Electric vehicle (EV) batteries contain 100s to 1000s of individual lithium-ion cells, ordered into modules and packs and controlled by a battery management system. However, cells, modules and packs have not been designed as a “single system” across the battery because of lack of communication along the supply chain. Cell manufacturers optimise the amount of energy stored in their cells, because ‘energy density’ is the metric they use to compete against one another. Battery pack designers select the cell with the highest energy density because this is the only metric they have to compare the performance of cells. The problem is that energy density optimisation is at the expense of almost every other aspect of the cell’s performance, particularly its thermal performance, meaning that the range and lifetime of EVs are not optimised.
|By the numbers|
|100s-1000s||Individual cells in a battery pack|
|10-20%||Expected increase of useable energy at the pack level|
|100-200%||Anticipated improvements in battery lifetime at the pack level|
As temperature affects every aspect of lithium-ion cell performance, effective thermal management of battery packs is critical, and the battery packs in use today have large thermal management systems in an attempt to remove the heat. This substantially reduces the energy density of the battery pack as an overall system.
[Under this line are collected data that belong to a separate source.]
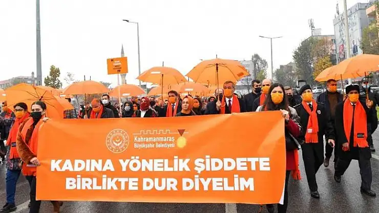 Kahramanmaraş´ta, 25 Kasım Kadına Yönelik Şiddete Karşı Mücadele ve Uluslararası Dayanışma Günü dolayısıyla Büyükşehir Belediyesi, Valilik ile Aile ve Sosyal Hizmetler İl Müdürlüğü işbirliğiyle yürüyüş etkinliği düzenlendi.
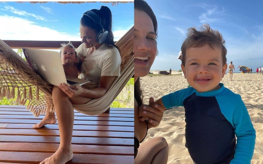 “Meu gostoso em Gostoso”, declarou a mamãe ao posar de rosto colado com Rayan. A campeã não se conteve com tanta fofura do caçula e publicou mais fotos do seu bebê posando na praia só de fralda em um dia típico de verão: sol e céu azul. Kyra Gracie ainda revelou: “Que dia Gostoso. Conhecendo mais um lugar lindo no Brasil em família”. A esposa de Malvino também mostrou o grude do pequeno com ela, estando sempre pertinho da mamãe, mesmo quando ela resolve questões do trabalho a distância pelo notebook.
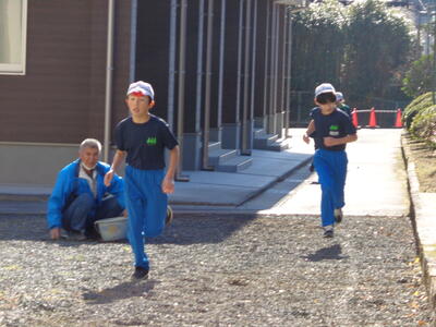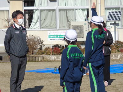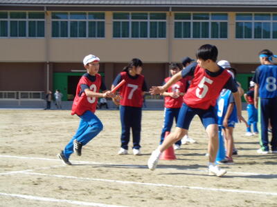 小学生と中学生が一緒に走ったり、小学生から中学生にバトンを渡したりする、
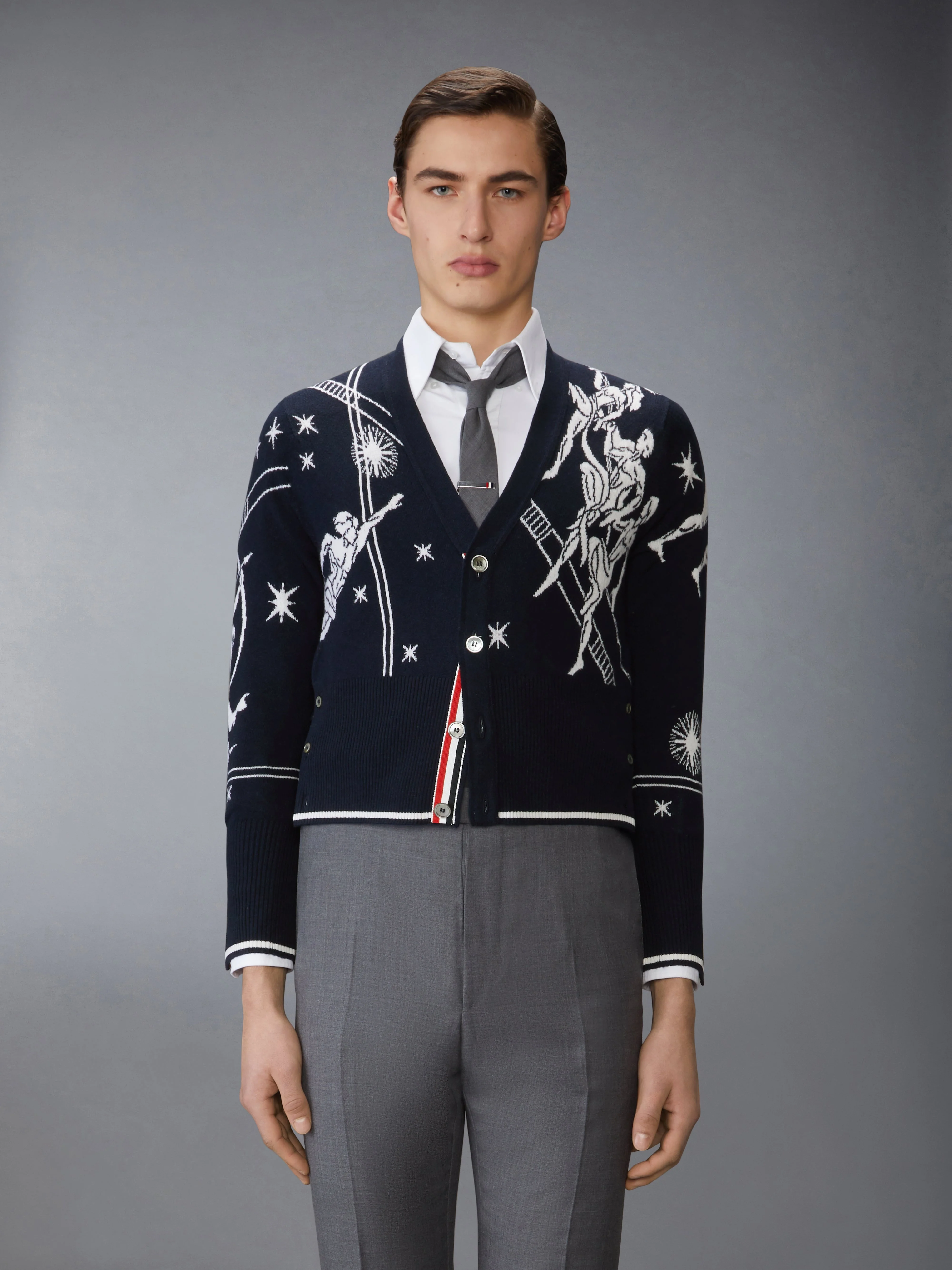 Wrap yourself in a celebration of greatness. Archers, track stars, and wrestlers adorn this artful cardigan, inspired by the perseverance, discipline, and strength of ancient Grecian Olympians. Crafted from luxurious cashmere for ultimate warmth and comfort. Front button closure with striped grosgrain placket Buttoned cuffs with signature striped grosgrain trim Signature striped grosgrain loop tab Model is 6'1" (185cm), wearing size 1 100% Cashmere Made in Great Britain MKC590A-Y2001-415
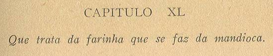que se aproveita o gentio; e os portugueses, que não fazem a farinha da mandioca crua, de que atrás temos dito, senão por necessidade.

The Faraday Institution Multi-Scale Modelling project has proposed changes to cell design to improve thermal performance, as well as a new standard – the Cell Cooling Coefficient (CCC) – that allows auto makers to compare the ability to thermally manage commercial lithium-ion batteries across a set of performance targets.
The team is engaging with multiple academic and industry partners globally informing them on how to make CCC measurements, with the explicitly disruptive and transformational goal to ‘change the entire global lithium-ion battery industry.’ The CCC has been introduced more widely to the industry via a paper in Nature and an educational video.
In July 2020 the TOPBAT project was initiated, building on the successes of the Faraday Institution Multi-Scale Modelling project. It aims to position UK cell manufacturers at the forefront of this revolution in cell design by validating its redesign concepts through a cell redesign project on a commercially available cell.
Success story published September 2020.